* Dataset
——

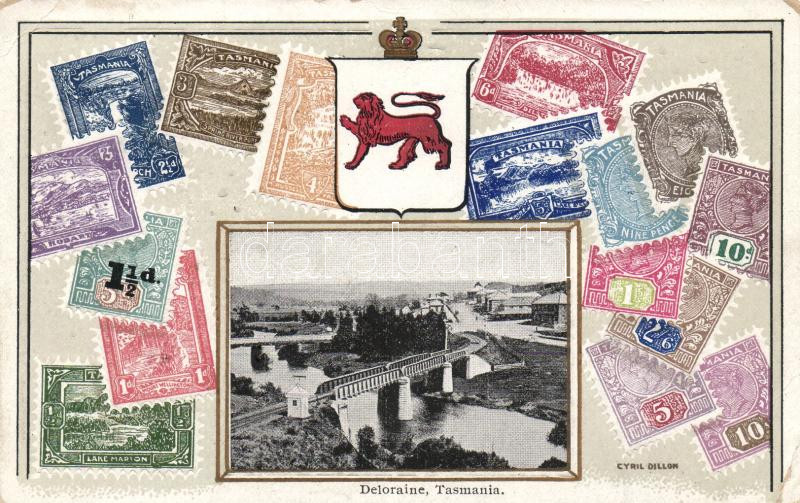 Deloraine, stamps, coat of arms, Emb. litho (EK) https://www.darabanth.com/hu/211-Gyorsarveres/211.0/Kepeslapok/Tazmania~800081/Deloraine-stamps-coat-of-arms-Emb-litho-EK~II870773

——

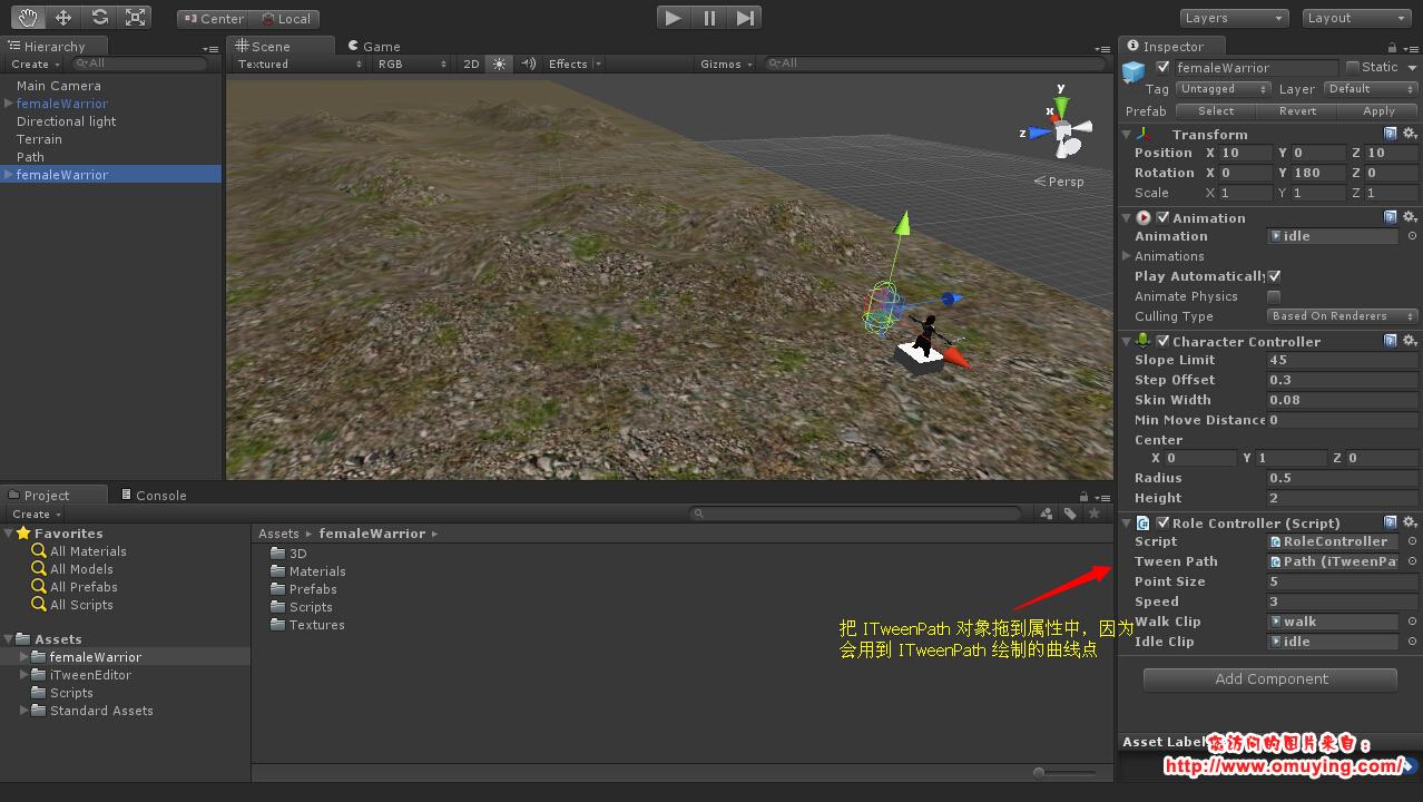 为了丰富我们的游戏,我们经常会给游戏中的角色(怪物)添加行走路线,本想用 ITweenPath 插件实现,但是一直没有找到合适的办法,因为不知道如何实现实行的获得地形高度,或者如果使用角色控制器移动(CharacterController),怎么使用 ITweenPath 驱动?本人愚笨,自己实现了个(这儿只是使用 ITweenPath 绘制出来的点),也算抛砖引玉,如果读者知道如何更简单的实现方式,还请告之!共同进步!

——

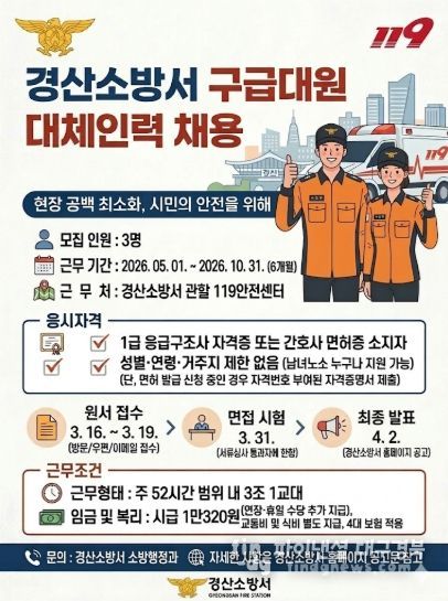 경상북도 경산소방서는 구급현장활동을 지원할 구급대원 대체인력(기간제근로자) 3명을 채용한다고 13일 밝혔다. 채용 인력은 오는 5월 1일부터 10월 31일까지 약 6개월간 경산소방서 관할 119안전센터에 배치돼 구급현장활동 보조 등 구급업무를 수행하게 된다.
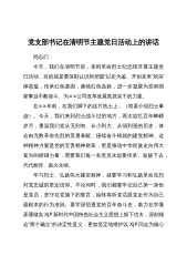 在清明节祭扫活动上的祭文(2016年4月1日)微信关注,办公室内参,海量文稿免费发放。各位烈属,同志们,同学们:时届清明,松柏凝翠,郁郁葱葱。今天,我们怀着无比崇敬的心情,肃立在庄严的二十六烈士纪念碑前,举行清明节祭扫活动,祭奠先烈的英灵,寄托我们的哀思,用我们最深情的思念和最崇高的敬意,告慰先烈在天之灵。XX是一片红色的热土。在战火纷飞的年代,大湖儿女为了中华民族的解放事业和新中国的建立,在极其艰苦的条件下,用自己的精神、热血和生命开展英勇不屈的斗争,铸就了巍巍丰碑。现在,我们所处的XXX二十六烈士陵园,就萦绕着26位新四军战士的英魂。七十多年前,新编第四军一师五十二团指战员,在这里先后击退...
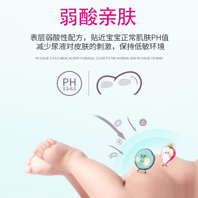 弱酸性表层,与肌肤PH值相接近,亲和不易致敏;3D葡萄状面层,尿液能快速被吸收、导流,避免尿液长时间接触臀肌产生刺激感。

——

* How to complete this task
Write back word for word every line in the entries above from the one with "在清明节祭扫活动上的祭文(2" to the one with "弱酸性表层,与肌肤PH值相接", ends included, and none of the pictures.

* Reply to the task
 在清明节祭扫活动上的祭文(2016年4月1日)微信关注,办公室内参,海量文稿免费发放。各位烈属,同志们,同学们:时届清明,松柏凝翠,郁郁葱葱。今天,我们怀着无比崇敬的心情,肃立在庄严的二十六烈士纪念碑前,举行清明节祭扫活动,祭奠先烈的英灵,寄托我们的哀思,用我们最深情的思念和最崇高的敬意,告慰先烈在天之灵。XX是一片红色的热土。在战火纷飞的年代,大湖儿女为了中华民族的解放事业和新中国的建立,在极其艰苦的条件下,用自己的精神、热血和生命开展英勇不屈的斗争,铸就了巍巍丰碑。现在,我们所处的XXX二十六烈士陵园,就萦绕着26位新四军战士的英魂。七十多年前,新编第四军一师五十二团指战员,在这里先后击退...
 弱酸性表层,与肌肤PH值相接近,亲和不易致敏;3D葡萄状面层,尿液能快速被吸收、导流,避免尿液长时间接触臀肌产生刺激感。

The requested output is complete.